Financial planning pioneer Harold Evensky has merged his firm with one owned by a former pupil, creating a South Florida wealth management firm with $1.9 billion under management.

The union of Foldes Financial Management of Miami and Evensky & Katz Wealth Management of Coral Gables, Fla., comes 18 years after founder Steven Foldes set out on his own after being mentored by Evensky. The new firm created by the merger will be the largest independent RIA in southern Florida.

“I left with $25 million to $30 million in assets under management and I’m returning with $600 million,” said Foldes, who has grown to become an influential voice in the planning community in his own right. “Harold should be proud of what he has created.”

The merger was completed 1 a.m. Tuesday, about a year and a half after the two parties started discussing the idea, according to those involved in the deal.

The merged firm goes by the name E&K-FFM and will be housed entirely in Evensky’s office in Coral Gables, according to Mark Hurley, who acted as one of the architects of the deal as CEO of Fiduciary Network LLC, a shareholder in Evensky & Katz.

As the largest independent, fee-only financial advisory firm in South Florida with $1.9 billion in assets, Hurley says the firm is positioned to become a major player in that market. Indeed, it remains something of an oddity that there are not more large RIA firms in the state of Florida, where there is a great deal of wealth due to its status as a retirement haven.

Evensky, a nationally prominent advisor who is active in the industry as both a speaker and author, runs the business with his wife, Deena Katz.

The new firm has 23 employees and about 10 partners, according to Hurley. There were no layoffs as a result of the move, he added.

“This is a merger where the firms know each other well from day one,” Hurley said. “You couldn’t find something better in terms of having people who need the least amount of adjustment, from the client’s perspective.”

Under the terms of the merger, Evensky is chairman of the firm and Foldes is vice chairman, Hurley said. Evensky could not be reached for comment.

"Their plan is to build the business," Hurley said.

The firms serve a similar type of clientele—professionals, business owners, corporate executives and other high-net-worth individuals with between $1 million and $15 million, according to Foldes.

It’s a client base that has a strong need for retirement planning, which is a strong focus of both firms, he added.

“If you asked what are the areas we focus in on, retirement would be first and foremost,” he said. “The second area would be educational planning--working with clients as it relates to funding kids’ educations.”

Mentor, Pupil Reunite

Foldes described the deal as one of those “full-circle” moments in life, reuniting him with someone he first met nearly 30 years ago as a 36-year-old from Hazleton, Pa., who had moved to Miami after making a fortune from the sale of his family’s footwear business.

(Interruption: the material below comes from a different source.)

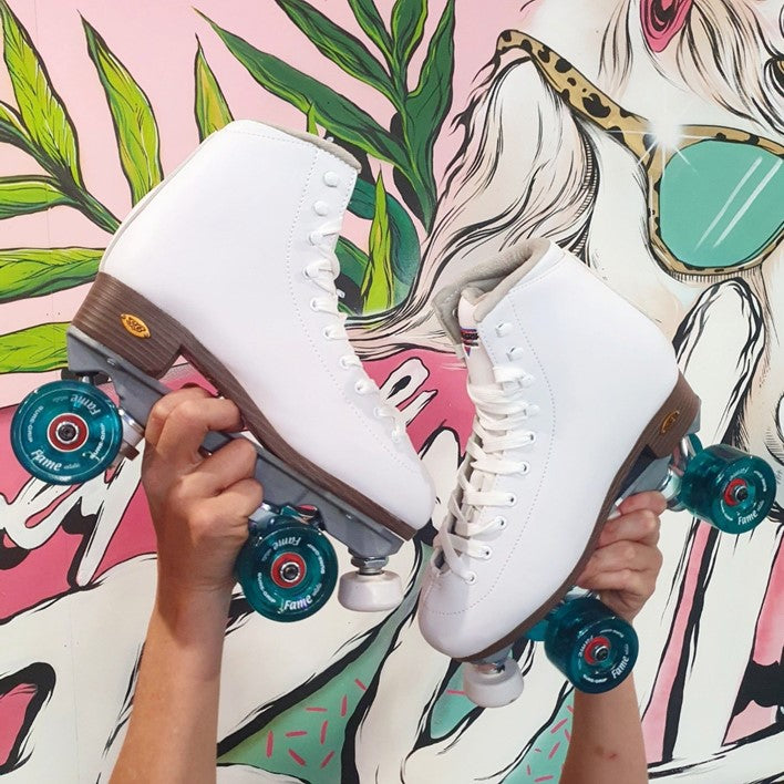 Using premium competition urethane, the Sure-Grip Fame Clear Artistic wheels are 57mm in size.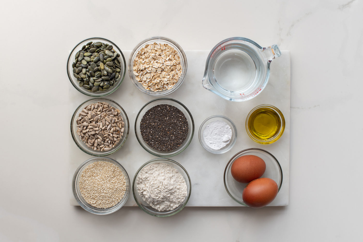 Place the pumpkin, sunflower and sesame seeds, oats, chia seeds, milled flax, buckwheat flour and salt into a bowl. Add the water and olive oil and stir to combine. Cover and set aside to soak overnight, or for at least 1 hour.

At the time, financial advisors were a rare breed, Foldes notes, and he was just looking for someone he could trust to help him make wise use of the millions he made through the sale of “Jelly” shoe sandals—a hot fashion item in the 1980s.

That’s when he hit upon Evensky, who even back then was carving out a reputation as an advisor who focused on clients’ interests, he said. “He had an immaculate reputation in the community when I checked him out,” Foldes said. “He had all the things you look for in a trusted advisor.”

The two got along so well that Evensky offered Foldes--who was both a trained lawyer and businessman--a job as a CFP-in-training five years later. Foldes accepted the offer and learned the advisory business under Evensky’s tutelage, until he left in 1996 to start his own firm. “I’m an entrepreneur at heart,” he said.

Foldes, who owned 100 percent of the firm before the merger, said the merger grew out of his need to find reliable partners--something essential to give his clients assurance that the operation would continue if Foldes were unable to perform his duties.

That security has been achieved through the merger, he said, along with his desire to keep his staff intact and maintain the firm’s fee-only, fiduciary standards.

“The real issue was, is there an existing infrastructure that can handle the large number of clients we have?” said Foldes, whose firm had about 450 clients before the merger.

On his own time, Foldes is a star tennis player who has won senior tournaments in Dade County, the state of Florida as well as in Chile and Argentina.